_ACTION ITEM_: No pictures, no extra lines: copy exactly from the line with "Het apparaat is" through the end of the entries.

── THE INPUT ──

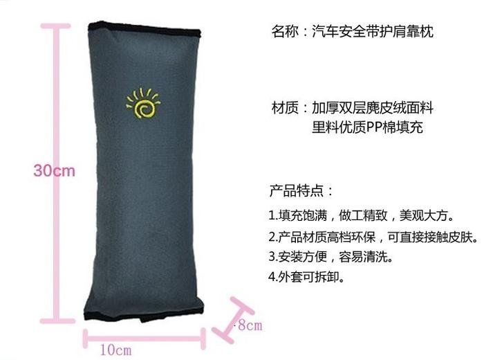 汽车安全带都是为成人设计的,由于儿童身高还不够,系上安全带之后,安全常常会穿过脖子,紧急刹车或发生意外的情况下就变得非常危险,容易勒伤或割伤。此款安全带护肩安装在安全带上,当紧急刹车时可在一定程度上保护乘车儿童的脖子;正常情况下,儿童也可枕着护肩休息。大肩带主要为保护儿童安全,欧洲行车安全法为儿童必须装置
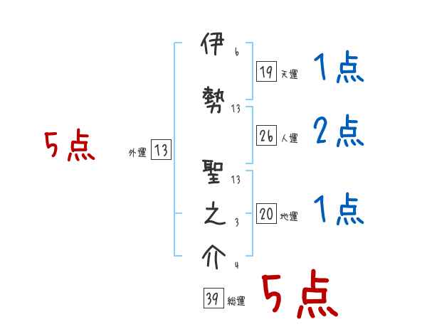 伊勢聖之介さんの画数の鑑定結果
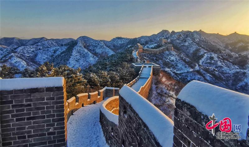皚皚白雪覆蓋長城內外,銀裝素裹金山嶺氣勢磅礴。
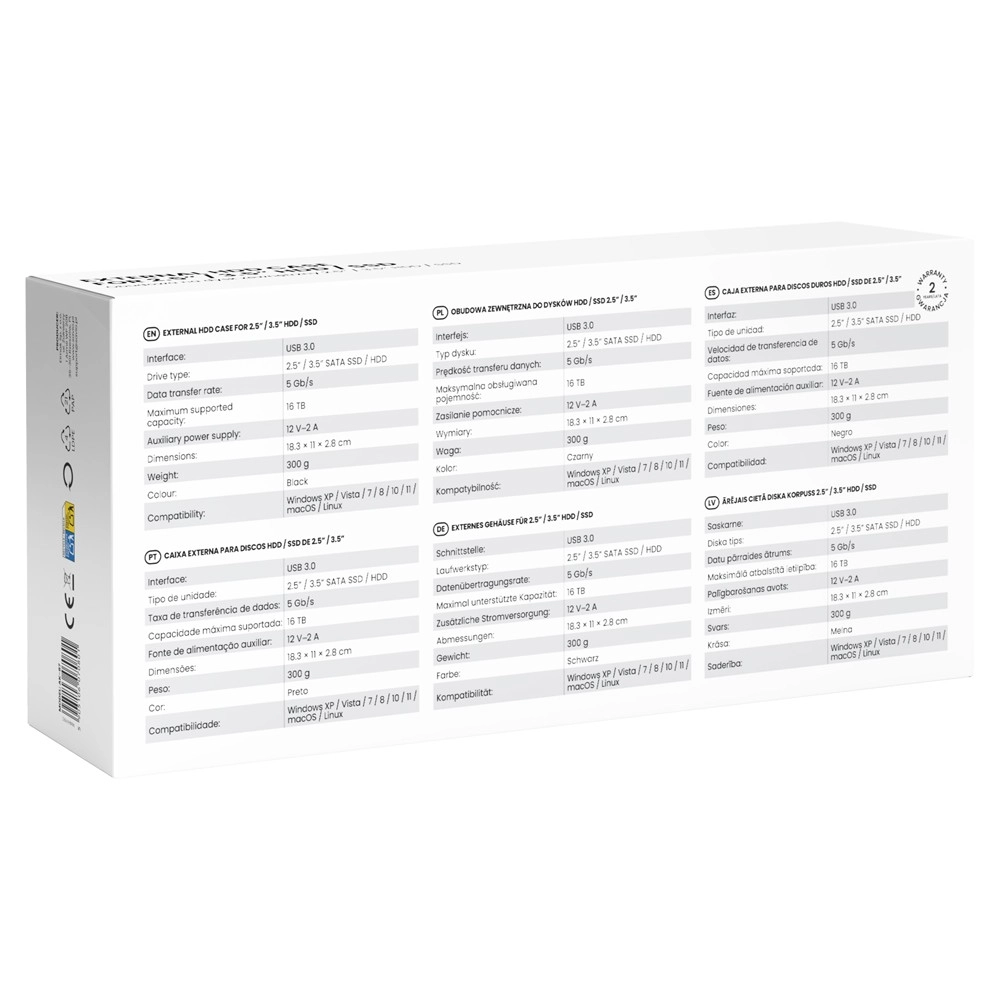 Het apparaat is universeel en werkt probleemloos met Windows (XP/Vista/7/8/10/11), macOS en Linux. Het ondersteunt schijven met SATA-interface in de formaten 2,5" en 3,5", zowel traditionele HDD’s als snelle en stille SSD’s. Voor de stabiele werking van 3,5" schijven is een 12 V / 2 A-voedingsadapter inbegrepen.
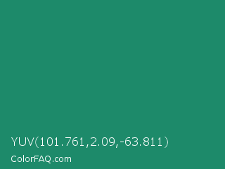 YUV 101.761,2.09,-63.811 Color is a normal green color and the nearest color is Eucalyptus #278a5b. Hex code #1d8a6a and RGB value is rgb(29,138,106). In RGB color space, this color is composed of 11% red, 54% green, 42% blue, In CMYK color space, this color is composed of 79% cyan, 0% magenta, 23% yellow , 46% black , In HSL color space, this color has a hue angle of 162° , 65% saturation and 33% lightness.
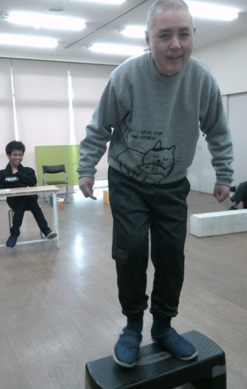 新しく取り入れた踏み台昇降運動を頑張っています。「いち!に!さん!」と元気よく数を数えながら行っています。その他にも、朝一番のラジオ体操から始まり、外散歩、トランポリン、エアロバイク、室内散歩、ボール投げ、フライングディスクに取り組んでいます。一人で運動に取り組むことはなかなか難しいですが、みんなと一緒に毎日取り組み、それぞれのペースで運動を行っています。日々の積み重ねが体力向上につながっていれば嬉しいです。
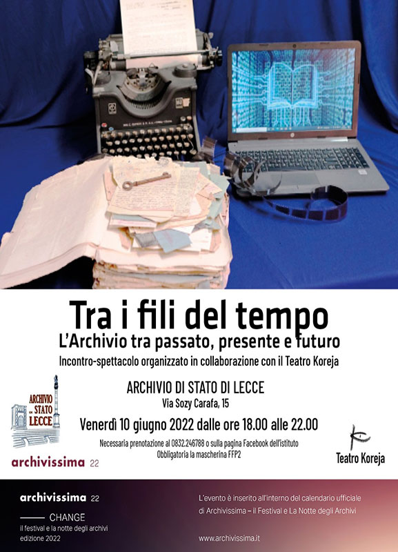 L’Archivio di Stato e il Teatro Koreja insieme per la Notte degli Archivi, “Tra i fili del tempo” apertura straordinaria riservata a 45 spettatori
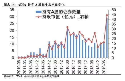 最新持股个数和市值达到历史新高。ADIA在A股市场上的投资先是经历了从2010-2016年的上升阶段。在该阶段内,无论是持股数量还是持股市值均处于上升的态势。截至2016年6月30日,ADIA的持股数量及持股市值一度到达高峰,共持有23只A股,市值高达32.08亿元。此时正是中国A股市场经历2015年年中下跌后的股市底部阶段,ADIA趁此机会大幅买进A股相关个股。2016年年中至2018年年底,ADIA持有的A股证券数量及持股市值整体处于下降的趋势。然而,今年三季度,ADIA在年中获取新的QFII额度后,大举加仓A股, ADIA在A股市场持股在前十大流通股的股票个数共29只,持股市值为44.5亿元,持股个数和持股市值均达到历史新高。
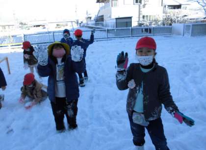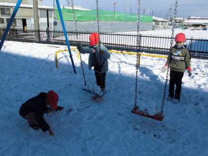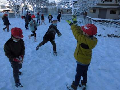 丸めたり、山にしたり、投げたり、掘ったり…雪の感触を楽しんでいました。
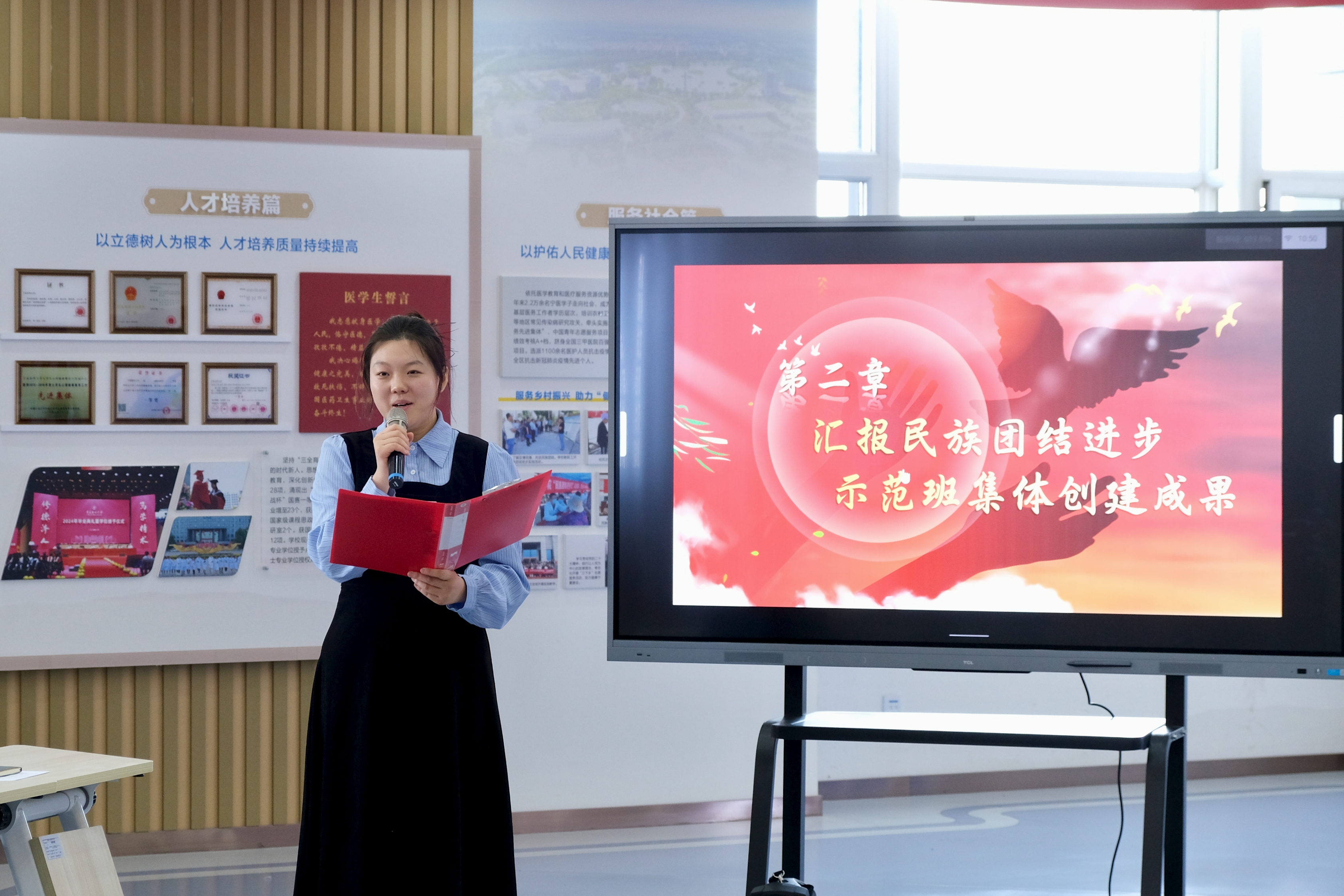 班会上,师生们集中观看了党的二十届四中全会精神学习视频,通过权威解读深化了对全会精神核心要义的理解。班级团支部书记潘妍晨同学以“石榴花开结同心,精诚铸就大医魂”为主题,紧紧围绕民族团结进步示范班集体创建要求,通过“团建助学”“中医药科普”等特色活动案例,充分展示班级全年学习成绩提升、开展各类文体活动、志愿服务的收效,生动诠释了“各民族像石榴籽一样紧紧抱在一起”的团结内涵。
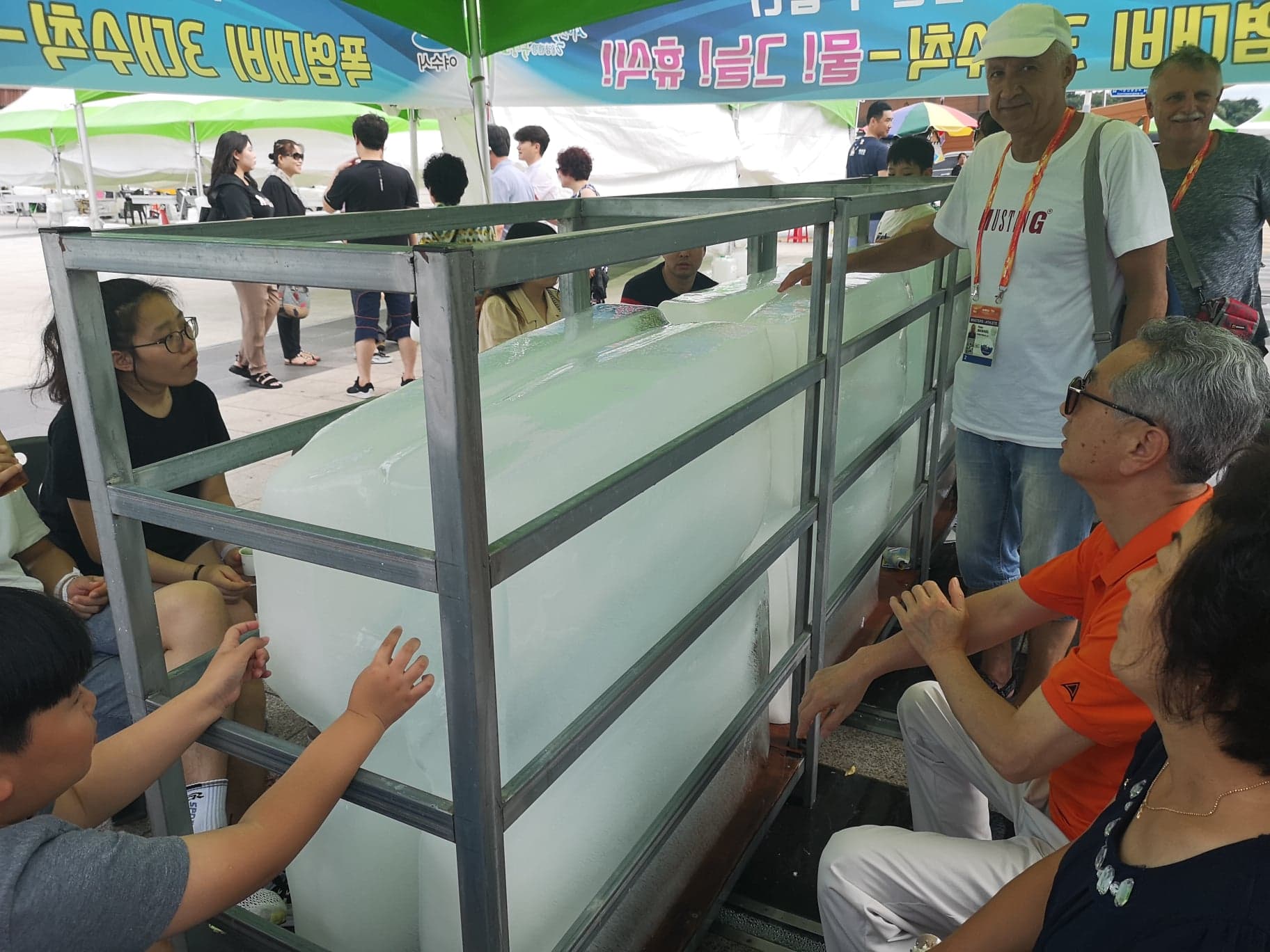 IS-KALDT: I Yeosu i Sør-Korea kjølte folk seg ned på en offentlig isklump på torget. Ganske eksotisk for oss!

───

_RESULT OF THE EXERCISE_:
 Het apparaat is universeel en werkt probleemloos met Windows (XP/Vista/7/8/10/11), macOS en Linux. Het ondersteunt schijven met SATA-interface in de formaten 2,5" en 3,5", zowel traditionele HDD’s als snelle en stille SSD’s. Voor de stabiele werking van 3,5" schijven is een 12 V / 2 A-voedingsadapter inbegrepen.
 YUV 101.761,2.09,-63.811 Color is a normal green color and the nearest color is Eucalyptus #278a5b. Hex code #1d8a6a and RGB value is rgb(29,138,106). In RGB color space, this color is composed of 11% red, 54% green, 42% blue, In CMYK color space, this color is composed of 79% cyan, 0% magenta, 23% yellow , 46% black , In HSL color space, this color has a hue angle of 162° , 65% saturation and 33% lightness.
 新しく取り入れた踏み台昇降運動を頑張っています。「いち!に!さん!」と元気よく数を数えながら行っています。その他にも、朝一番のラジオ体操から始まり、外散歩、トランポリン、エアロバイク、室内散歩、ボール投げ、フライングディスクに取り組んでいます。一人で運動に取り組むことはなかなか難しいですが、みんなと一緒に毎日取り組み、それぞれのペースで運動を行っています。日々の積み重ねが体力向上につながっていれば嬉しいです。
 L’Archivio di Stato e il Teatro Koreja insieme per la Notte degli Archivi, “Tra i fili del tempo” apertura straordinaria riservata a 45 spettatori
 最新持股个数和市值达到历史新高。ADIA在A股市场上的投资先是经历了从2010-2016年的上升阶段。在该阶段内,无论是持股数量还是持股市值均处于上升的态势。截至2016年6月30日,ADIA的持股数量及持股市值一度到达高峰,共持有23只A股,市值高达32.08亿元。此时正是中国A股市场经历2015年年中下跌后的股市底部阶段,ADIA趁此机会大幅买进A股相关个股。2016年年中至2018年年底,ADIA持有的A股证券数量及持股市值整体处于下降的趋势。然而,今年三季度,ADIA在年中获取新的QFII额度后,大举加仓A股, ADIA在A股市场持股在前十大流通股的股票个数共29只,持股市值为44.5亿元,持股个数和持股市值均达到历史新高。
 丸めたり、山にしたり、投げたり、掘ったり…雪の感触を楽しんでいました。
 班会上,师生们集中观看了党的二十届四中全会精神学习视频,通过权威解读深化了对全会精神核心要义的理解。班级团支部书记潘妍晨同学以“石榴花开结同心,精诚铸就大医魂”为主题,紧紧围绕民族团结进步示范班集体创建要求,通过“团建助学”“中医药科普”等特色活动案例,充分展示班级全年学习成绩提升、开展各类文体活动、志愿服务的收效,生动诠释了“各民族像石榴籽一样紧紧抱在一起”的团结内涵。
 IS-KALDT: I Yeosu i Sør-Korea kjølte folk seg ned på en offentlig isklump på torget. Ganske eksotisk for oss!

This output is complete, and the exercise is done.